1. Field of the Invention
The field of the invention is that of handling flat articles to be placed in or removed from a cassette. This is particularly the case during the manufacture of integrated circuits, where silicon wafers are manipulated and positioned in cassettes and then are extracted from the cassettes to undergo other production operations.
Description of the Related Art
For the production of integrated circuits on silicon wafers, the control and handling of the wafers must take place from storage cassettes in which they are horizontally positioned. Each cassette has a series of racks constituted by lateral supports which can horizontally receive a series of wafers having identical dimensions. The handling of the wafers imposes the use of a system making it possible to take up a wafer stored in a cassette and then place the wafer in any random cassette on any random free rack.
In order to carry out these operations of gripping and putting back into place a wafer with respect to a cassette, it is known to use a gripping mechanism essentially constituted by a gripping finger able to remove a single wafer from the cassette and then to put it back into the latter. Due to the very limited height space separating two adjacent wafers, which is approximately 5 mm for the "SEMI-ENGINEERING" standard, the movements of the gripping finger must be very precise.

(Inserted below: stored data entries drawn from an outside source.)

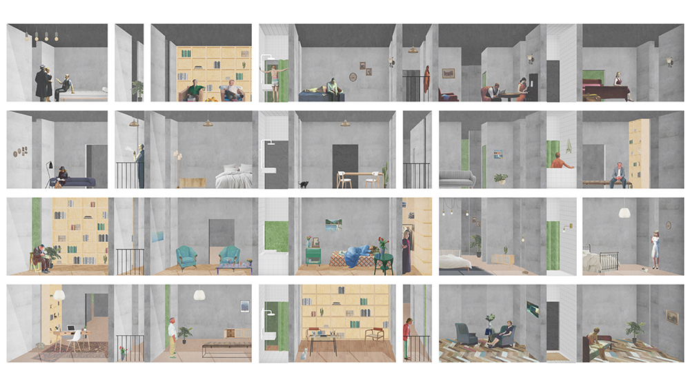 Second prize was awarded to Melody Chu and Deedee Chung from the Southern California Institute of Architecture (SCI-Arc), USA. They proposed an alternative design to the traditional London terrace house with their ‘Two-up Two-Down’ project. The proposal is a roadmap for mixing single-family, multi-family, and co-living units, above a common ground-floor plinth infused with commercial space. Third prize was awarded to Jierong Lyu, also from the Berlin University of the Arts, for their ‘Above the Grid’ project which focused on reprogramming London Council Housing by means of a modular and combinatory grid for various user types.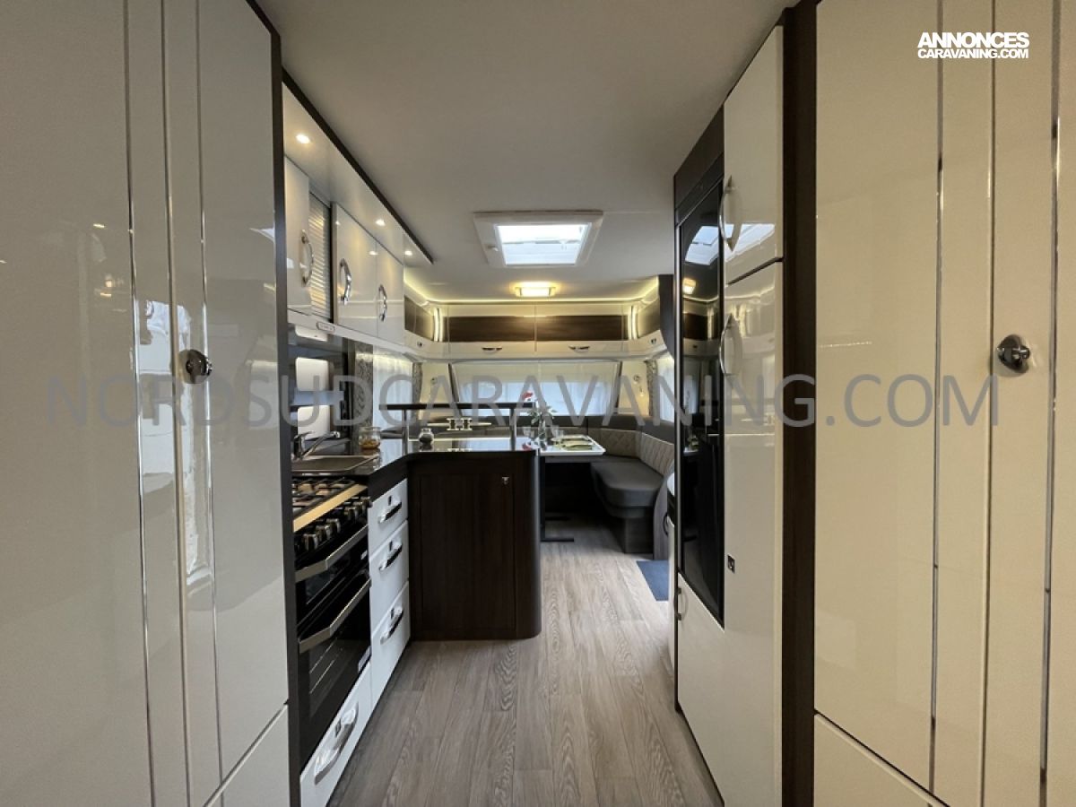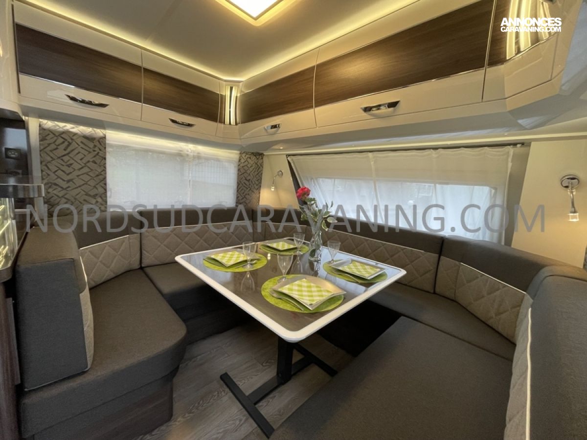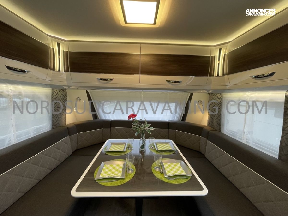 Nouveauté 2025, Caravane haut de gamme HOBBY Prestige 720 WQC, Double essieux, Spacieuse, Lit central, Salon en U, Douche indépendante, Tout confort...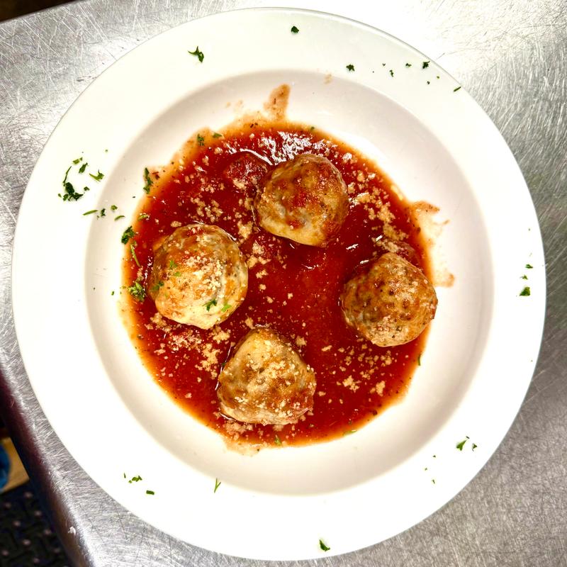4 Meatballs topped with mozzarella cheese served with marinara sauce

Thus, any gripping system must be able to penetrate beneath the wafer to be removed without scratching the upper wafer. The height positioning of the gripping finger is ensured by a very precise, but onerous mechanical device, moving the finger and its support vertically. The gripping finger can also remain fixed, the precise vertical translation movement then being carried out by another mechanical device moving the cassette. In the latter case, it is the precision of the cassette translation mechanism which is very expensive.